Tras su interminable viaje, U. H. Rana estaba por fin de vuelta en Poona. El jefe de la Brigada de Investigación Criminal cuyos archivos contenían material suficiente para lanzar a todas las fuerzas de Policía del país en persecución de Godsé y Apté e impedirles la entrada en Birla House, había regresado a su feudo. Ningún sentimiento de urgencia, sin embargo, le incitó a precipitarse en su despacho cuando bajó del tren. Fatigado, se fue a su casa a dormir.
Nathuram Godsé exultaba de alegría mientras corría hacia Karkaré, que le esperaba junto a la fuente.
—¡Lo tenemos! Esta vez, lo tenemos de veras —le susurró, llevándoselo a un lado.
Como un contrabandista descubriendo alguna misteriosa mercancía, abrió y volvió a cerrar inmediatamente su viejo abrigo. Karkaré tuvo el tiempo justo de ver, sujeta en el cinturón, la culata negra del revólver que tan desesperadamente habían buscado.
Nada podía retrasar ya el asesinato.
Mientras charlábamos junto a la fuente, Apté dijo: no tenemos que cometer ahora ningún error. Es absolutamente preciso que comprobemos el funcionamiento del revólver. Tenemos balas suficientes. Mira
.
Abrió un bolsillo de su abrigo. Era cierto: vi un montón de ellas. Decidimos, pues, buscar un lugar para probar el revólver. Pero, adondequiera que íbamos, había mucha gente. Los refugiados habían invadido todos los rincones de la ciudad. Decidimos finalmente volver adonde fuimos la primera vez para probar los revólveres de Badgé y de Gopal en el bosquecillo situado tras el templo Birla. Por suerte, no había nadie. Nos preguntamos si Gandhiji estaría sentado o de pie cuando Nathuram pudiese disparar sobre él. Sería una cuestión de azar. En la duda, decidimos hacer nuestro ensayo en las dos posiciones. Apté eligió un árbol, un
babul,
que destacaba de los demás. Se agachó y se apoyó contra el tronco para dar una idea de la estatura de Gandhi sentado. Con su navaja, hizo una muesca en la corteza a la altura de la cabeza
.
—Imagina que la cabeza de Gandhiji está aquí, y allí su cuerpo —dijo a Nathuram mostrándole la señal—. No tienes más que apuntar bien
.
Nathuram retrocedió unos diez metros. Luego, hizo fuego. Una vez, dos, tres y, por último, cuatro veces. Nos apresuramos a examinar el lugar que representaba la cabeza de Gandhiji. Todos los impactos estaban agrupados en él
.
—Perfecto —dijo Nathuram satisfecho
.
La cruzada de Gandhi en Nueva Delhi se acercaba a su fin. Cinco meses antes había llegado a una ciudad con las calles cubiertas de cadáveres, los habitantes aterrorizados y el Gobierno en plena confusión. La capital había recuperado ahora la calma. Podía marcharse.

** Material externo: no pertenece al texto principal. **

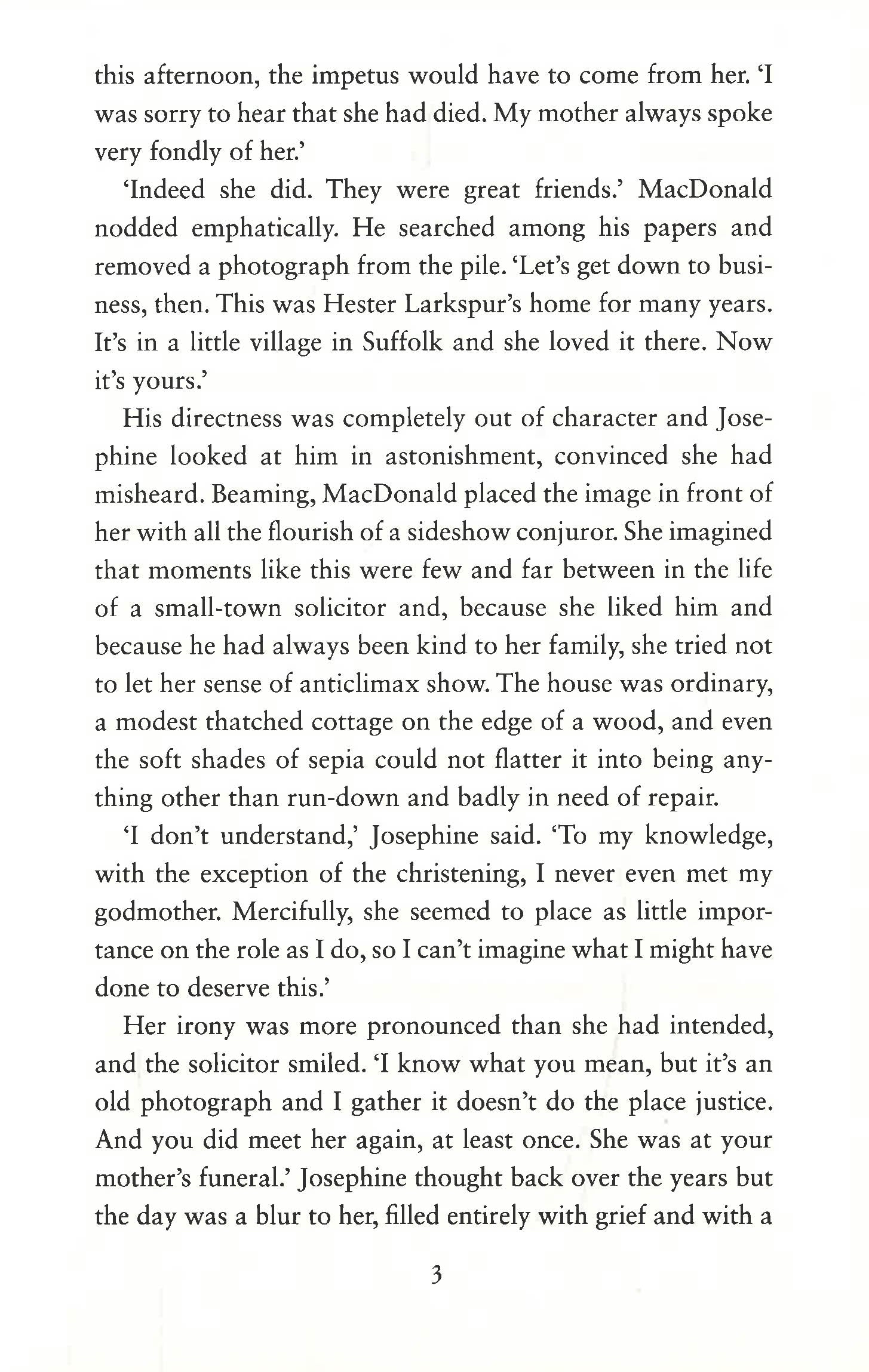 When Josephine inherited a remote Suffolk cottage from her godmother, it came full of secrets. Sorting through the artefacts of her godmother's life, Josephine is intrigued by an infamous murder committed near the cottage a century before. Yet this old crime - dubbed the Red barn murder - still seems to haunt the tight-knit village and its remote inhabitants.

Mientras, a menos de quinientos metros, retumbaban los cuatro disparos anunciadores de su muerte, Gandhi fijó la fecha de su partida. Saldría de Birla House cinco días más tarde, el 3 de febrero. Pasaría primeramente diez días en el
ashram
de Wardha para recuperar algunas fuerzas. Desde allí, emprendería la marcha en busca de su último milagro: la peregrinación al Pakistán.
Este jueves 29 de enero, la jornada del Mahatma fue, como de costumbre, realizada cuidadosamente. Hiló en la rueca, hizo ejercicios de escritura bengalí, redactó varias cartas, se entrevistó con numerosos visitantes, tomó una lavativa y soportó durante una hora una cataplasma de barro. Bromeó con Indira Gandhi, la hija de Nehru, ofreció su foto dedicada a la periodista Margaret Bourke-White diciéndole que América debía renunciar a la bomba atómica. La no violencia es la única fuerza que la bomba no puede destruir, explicó. En caso de ataque nuclear, él prescribiría permanecer donde uno se encontrase y «mirar al cielo sin miedo, rezando por el piloto».